Perception – the Boat That Wasn’t There

I was worried. I couldn’t find my son and his grandfather who were supposed to be fishing together. I looked out behind my father-in-law’s house at the boat dock where they should have been standing to fish in the lake. And they weren’t there. I knew they weren’t out on the lake because the fishing boat was slung up in the boat house. Despite looking everywhere I thought they would be, I still couldn’t find them. So, perplexed, I waited in the house for them to show up, trusting that my son was in good hands.

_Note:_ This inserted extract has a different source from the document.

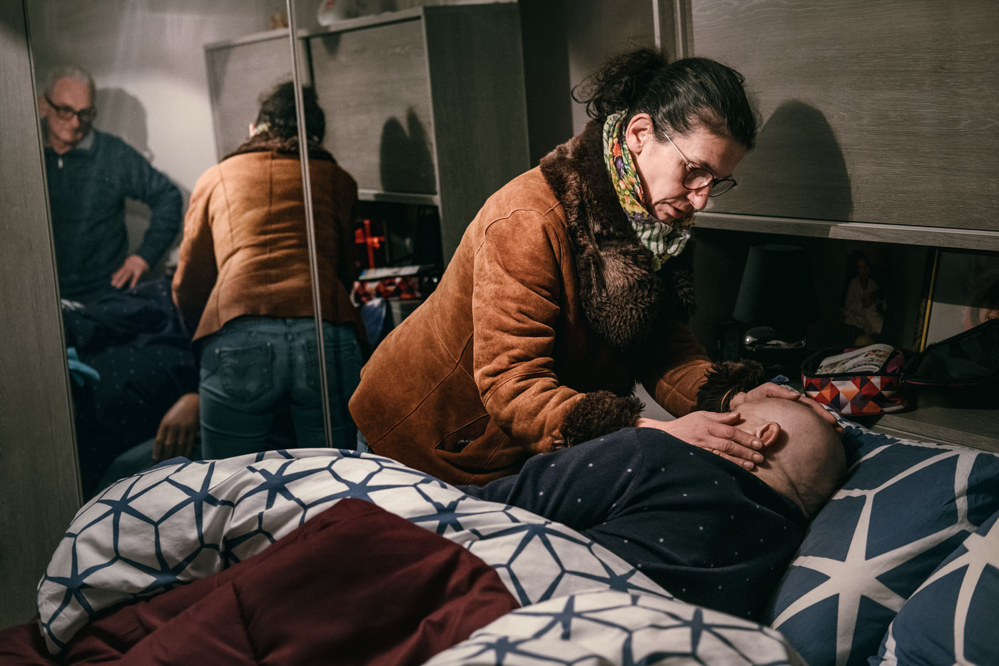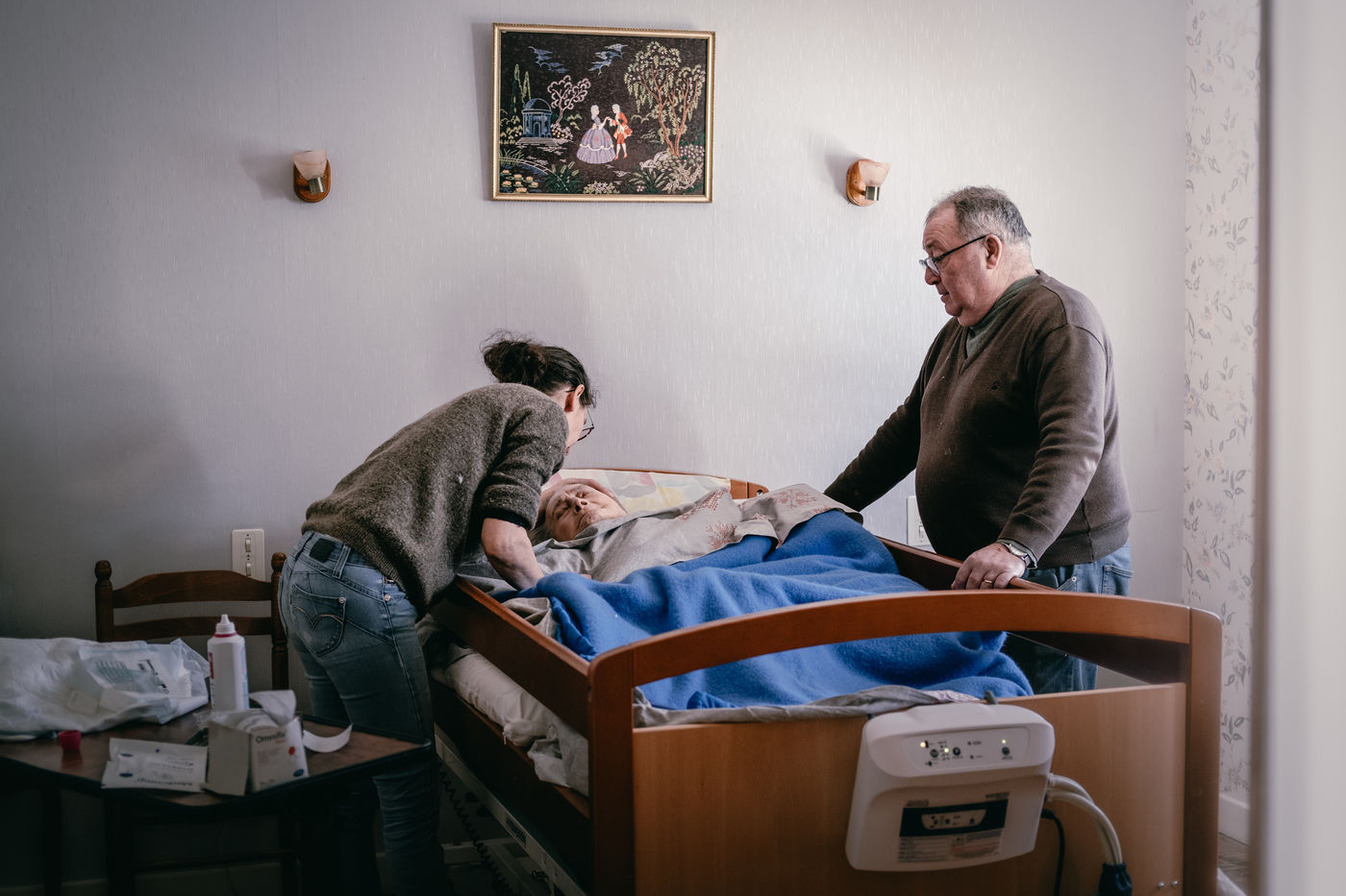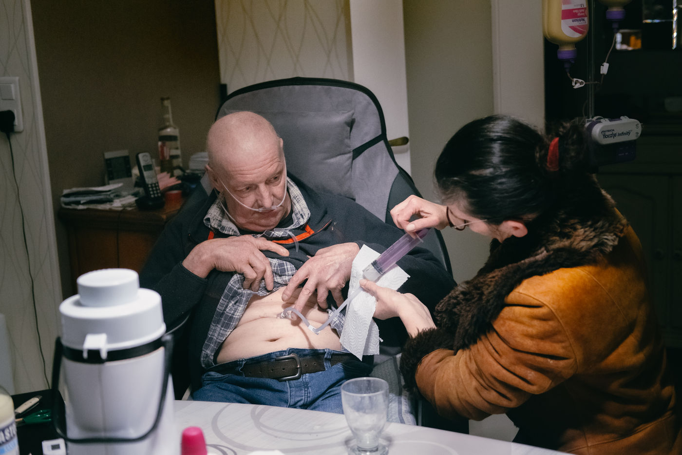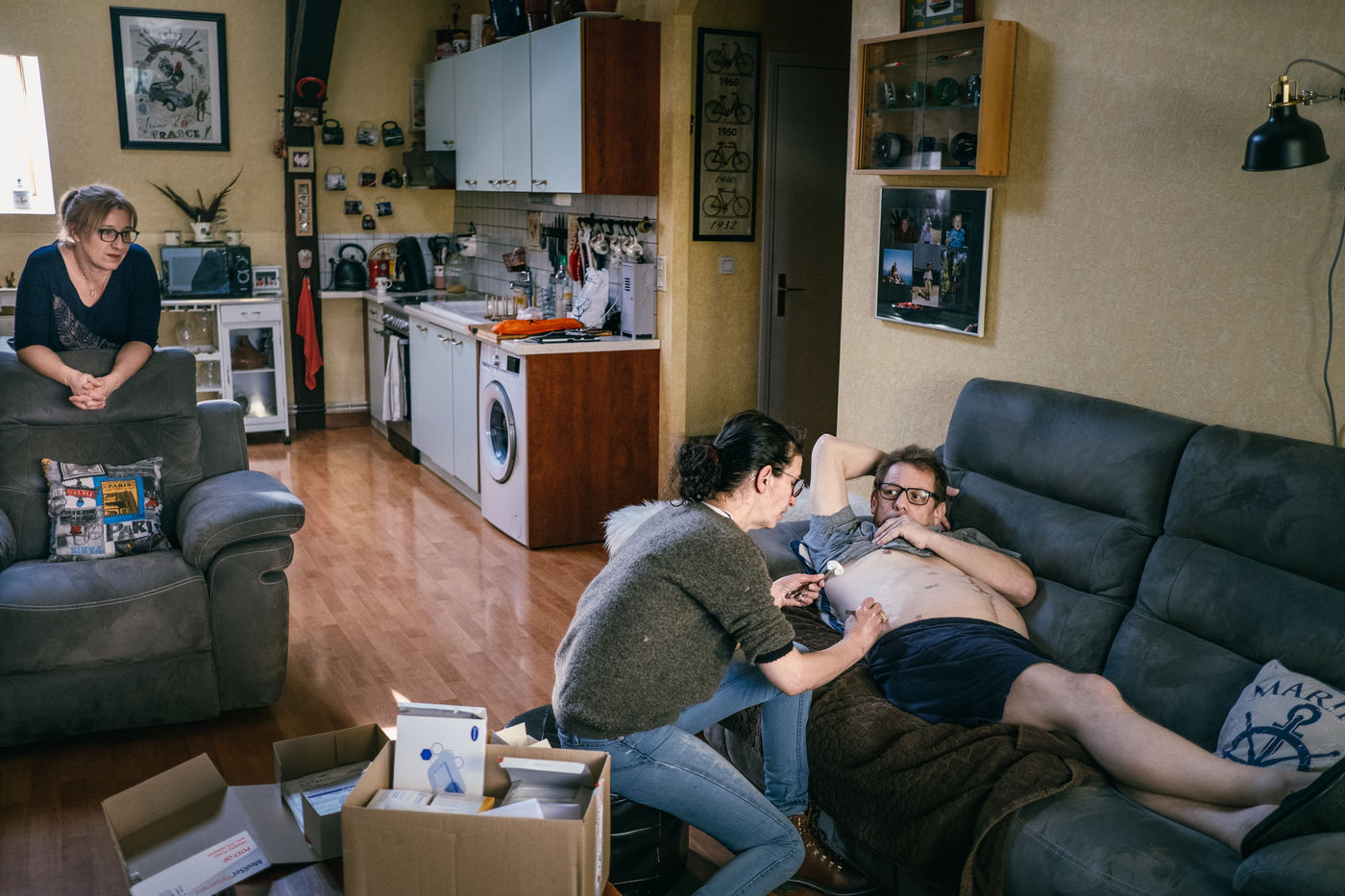 La Securite Sociale tente aussi de reduire les prises en charge des soins. Apres 20h certains soins comme les perfusions sont consideres comme de la « convenance personnelle » et ne sont plus rembourses. Mais comment un pere de famille peut-il profiter de ses enfants si on lui pose une perfusion des 18h ? Sophie continue donc a effectuer les soins aux horaires qui conviennent le mieux a ses patients quitte a ne pas facturer la majoration de nuit. Les proches des patients, elegamment nommes « aidants naturels » par l administration, sont egalement de plus en plus sollicites pour realiser certains soins a la place des professionnels de sante. La notion de proche, etre aime et aimant, prend alors une toute autre nature lorsqu il s agit de faire la toilette quotidienne, d administrer des medicaments ou de refaire des pansements a sa femme, son pere ou sa soeur malade. Presents 7 jours sur 7, ils n ont pas de remplacants et deviennent des soignants avec toutes les consequences que cela peut avoir sur leur vie personnelle

An hour later, they walked in and I immediately jumped up and demanded to know where they had been. “We we’re out fishing on the lake,” my son said with a puzzled expression on his face. I explained that they couldn’t have been because the boat was docked in the slip. My son laughed and said “Dad, take another look,” and pointed to the boat house. I did, and there were… TWO boats! My father-in-law’s fishing boat was tied up at the dock looking just like I remembered it—small, green hulled, simple, rigged for fishing. And there, moored in the slip, was a ski boat—a big, white, designed-for-speed rigged-for-skiing boat-that-looked-nothing-like-a-fishing-boat boat sat there as clear as day. And despite looking right at it all morning, I had not seen it. I had not expected it to be there, and to me, it wasn’t.

The real voyage of discovery consists not in seeking new landscapes, but in having new eyes. — Marcel Proust

This story illustrates the power that our expectations have to distort our perception and literally show us what we expect to see rather than what is really there. It is this perceptual bias that is a main reason that businesses do not see competitive threats until it is too late. It is why leaders look at the numbers and see evidence that defending the old Success Formula is working… right up to the day that everything crashes down around them. It is why customer-facing employees often have a dramatically different—and mostly more accurate—understanding of the competitive realities than senior executives.

In order to create the breakthroughs that they desire, executives must first disrupt their mental lock-inThis is the only way to open up their perceptual bias to see new information and reach new understandings. Only in seeing the situation “with new eyes” are rich new possibilities opened up for truly novel innovation.